高知県の伝統的な食文化「皿鉢(さわち・さはち)料理」に盛り付けられる定番メニューである。皿鉢料理とは、大皿に海の幸や山の幸、すしなどのごちそうを盛りつけたもので、冠婚葬祭や神事などの大勢の人が集まる際にふるまわれる。
黒潮に近く、長い海岸線を持つ高知県は漁場に恵まれ、古くから漁業が盛んであった。さばの姿ずしに用いられるゴマサバは、県内で水揚げされる主要な魚の一つ。旬は冬だが、1年を通して漁が行われている。
京都府のさばずしも有名であるが、さばずしはマサバを使って甘めに味付けするのに対し、高知県のさばの姿ずしはゴマサバを用いて酢と塩をきかせる。この味付けの違いは、使っているさばの種類が関係している。京都府で使われるマサバは脂が多く、高知県でよく獲れるゴマサバはマサバほど、こってりしていない。この差が味付けにも表れている。
歴史・文化、関連行事
土佐弁で宴会のことを「おきゃく」といい、高知県では祭りや正月、名付けから婚礼、還暦祝いまで、なにかにつけて親類や友人、近隣の人々などを集めてもてなすおきゃく文化がある。米が一番のごちそうだった時代には、客人をもてなすために様々なすしが作られた。さばの姿ずしもその一つで、この豪快な料理は神事や婚礼の席に欠かせないものとなっている。

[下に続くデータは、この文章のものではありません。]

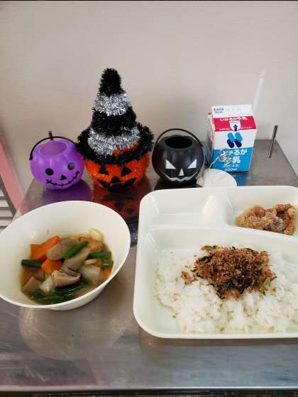 鶏肉のたつたあげ、あつあげと野菜の煮もの、おかかなっ葉
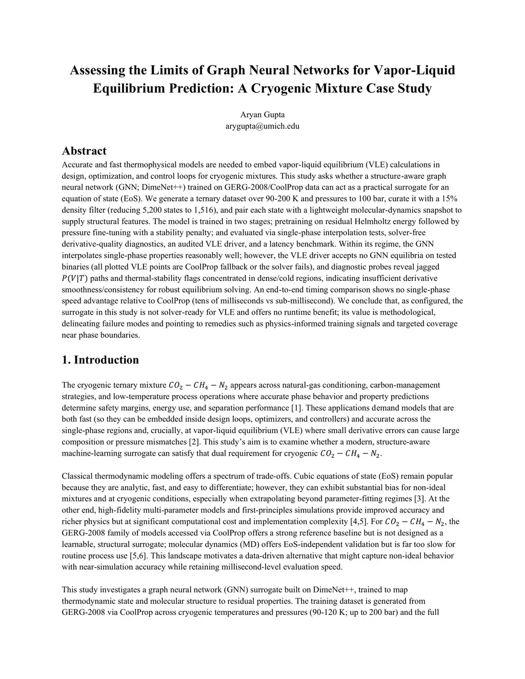 Accurate and fast thermophysical models are needed to embed vapor-liquid equilibrium (VLE) calculations in design, optimization, and control loops for cryogenic mixtures. This study asks whether a structure-aware graph neural network (GNN; DimeNet++) trained on GERG-2008/CoolProp data can act as a practical surrogate for an equation of state (EoS). We generate a ternary dataset over 90-200 K and pressures to 100 bar, curate it with a 15% density filter (reducing 5,200 states to 1,516), and pair each state with a lightweight molecular-dynamics snapshot to supply structural features. The model is trained in two stages; pretraining on residual Helmholtz energy followed by pressure fine-tuning with a stability penalty; and evaluated via single-phase interpolation tests, solver-free derivative-quality diagnostics, an audited VLE driver, and a latency benchmark. Within its regime, the GNN interpolates single-phase properties reasonably well; however, the VLE driver accepts no GNN equilibria on tested binaries (all plotted VLE points are CoolProp fallback or the solver fails), and diagnostic probes reveal jagged P(V|T) paths and thermal-stability flags concentrated in dense/cold regions, indicating insufficient derivative smoothness/consistency for robust equilibrium solving. An end-to-end timing comparison shows no single-phase speed advantage relative to CoolProp (tens of milliseconds vs sub-millisecond). We conclude that, as configured, the surrogate in this study is not solver-ready for VLE and offers no runtime benefit; its value is methodological, delineating failure modes and pointing to remedies such as physics-informed training signals and targeted coverage near phase boundaries.
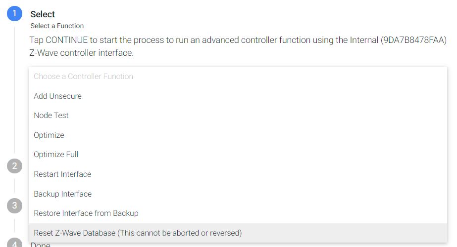 In rare cases, it is possible for a Z-Wave network's data to become out of date or out of sync. Resetting the Z-Wave data will not clear out your Z-Wave configurations, but will force a refresh of this data and can get unresponsive networks moving again.
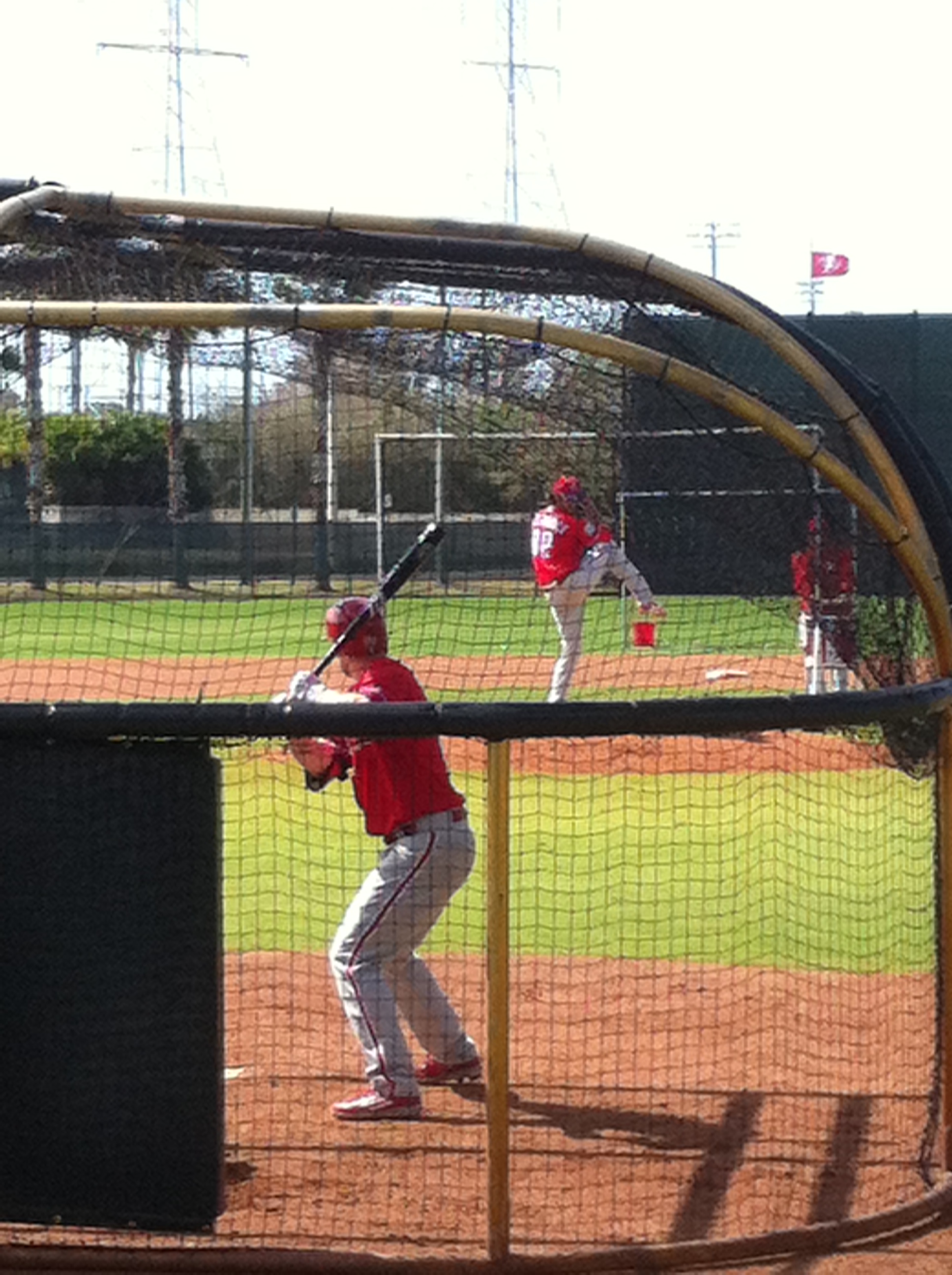 I watched the Howard, Herrera, Franco group bat against Edubray Ramos and Larry Bowa. Ramos was throwing some heat and spun Herrera out of the box with a pitch up and in. All three hitters looked good today. Howard stroked most of his contact to left and left center. Franco muscled a lot of pitches that were beat down at the fence by a strong wind. Herrera just keeps hitting line drives. He put a few balls over the right field fence. I’m glad I don’t park there anymore.
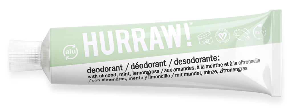 Hurraw Almond Mint Lemongrass BALMUNDER™ is a deodorant. Deodorants simply reduce the number of bacteria and thus, reduce the smell. Most 'natural' deodorants use a heavy not-so-great oily base such as: caprylic/capric triglycerides (palm), propylene glycol (petroleum), propanediol (gmo corn), hydrogenated vegetable oil (soy), and shea butter (latex/refined)... with minerals, salts, acids, herbs, essential oils, alcohols, etc. mixed in.
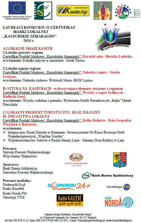 Laureaci Konkursu o Certyfikat Marki Lokalnej "Kaszubskie Szmaragdy" 2014
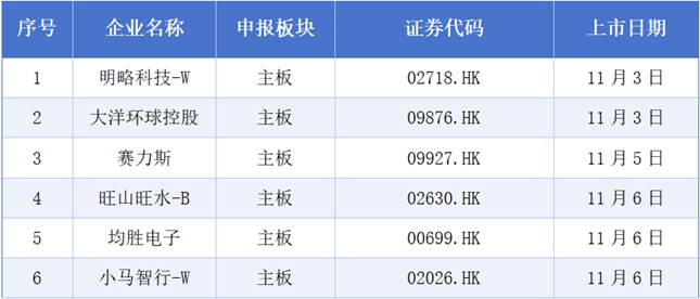 11月2日至11月8日期间,明略科技-W、大洋环球控股、赛力斯、旺山旺水-B、均胜电子、小马智行-W、文远知行-W挂牌上市。
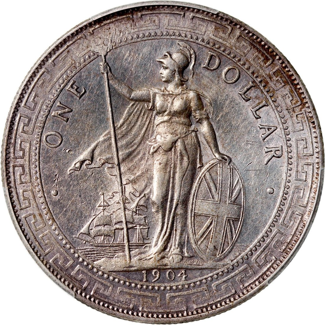 1904/3-B英國貿易銀元,PCGS AU Detail (有清洗),罕見騎字版
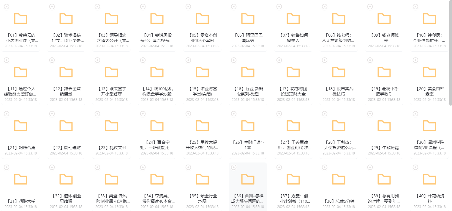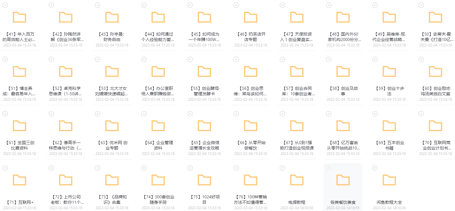 求生技巧:最新整理创业课程资料大合集,包含品牌知识合集、创业项目、金融理财、网赚合集、行业地图、创业书籍、微商课程资料全套等等
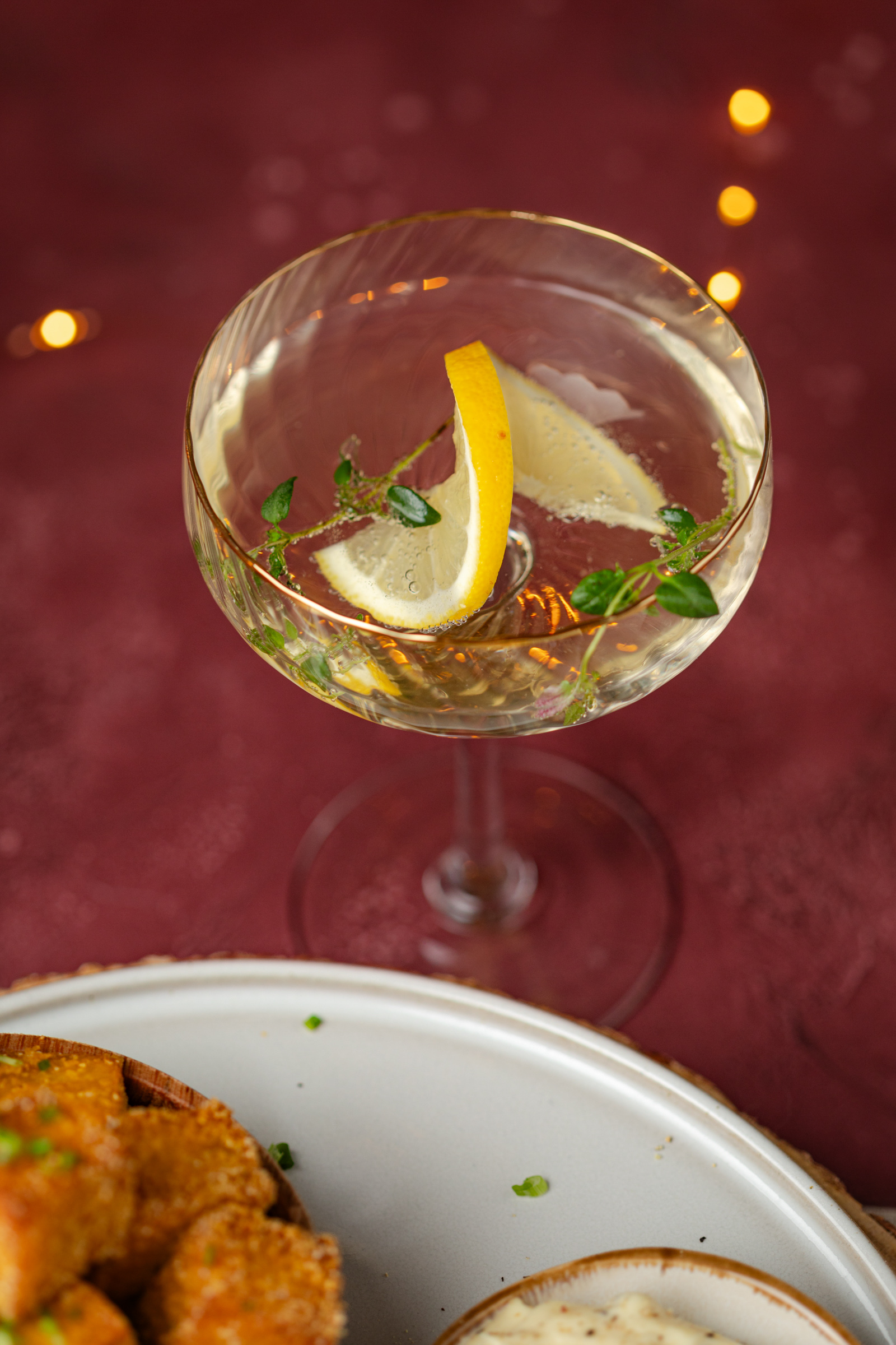 - Aperitief met alcohol: glas prosecco met een schijfje citroen en takje verse tijm

かつて冷蔵技術のない時代に、山間部では塩さばを用いた。川の水で塩を抜き酢でしめる。年の瀬の頃になると、魚屋の店頭に「刺し身用、清水さばあります」の張り紙を合図に、各家庭では姿ずし作りが行われたものだが、現代では店で購入することが多くなっている。
製造方法
新鮮なさばを背開きにして塩を振り、半日ほど置き、酢にまた半日ほど漬け込む。取り出したら水気を取って、頭の先から尾の端まですし飯を詰め、腹を上にして形を整え、食べやすい大きさに輪切りにする。すしを中央に並べ、頭と尾を立てる。地域にもよるが酢には柚子酢を用いることも多い。残った頭と尾は翌日にこんがり焼いて食べたりもする。
すし飯にはしょうがとごまを混ぜるのが主流だが、飲食店によって大葉や薬味を混ぜ込むなどアレンジされている。
保護・継承の取り組み
2018年に官民連携による「土佐寿司を盛り上げる会」が発足した。同会では、さばの姿ずしや田舎ずしなど、高知県ならではのすし料理の販路拡大に向け、県のウェブサイトに提供店舗の情報を掲載するなど情報発信を行い、国内外のイベントでも土佐ずしの魅力を広く伝えている。
主な食べ方
手間がかかるため家庭で作られる機会は少なくなったが、スーパーや飲食店、仕出し屋で提供されており、ハレの日のごちそうとして現在でも親しまれている。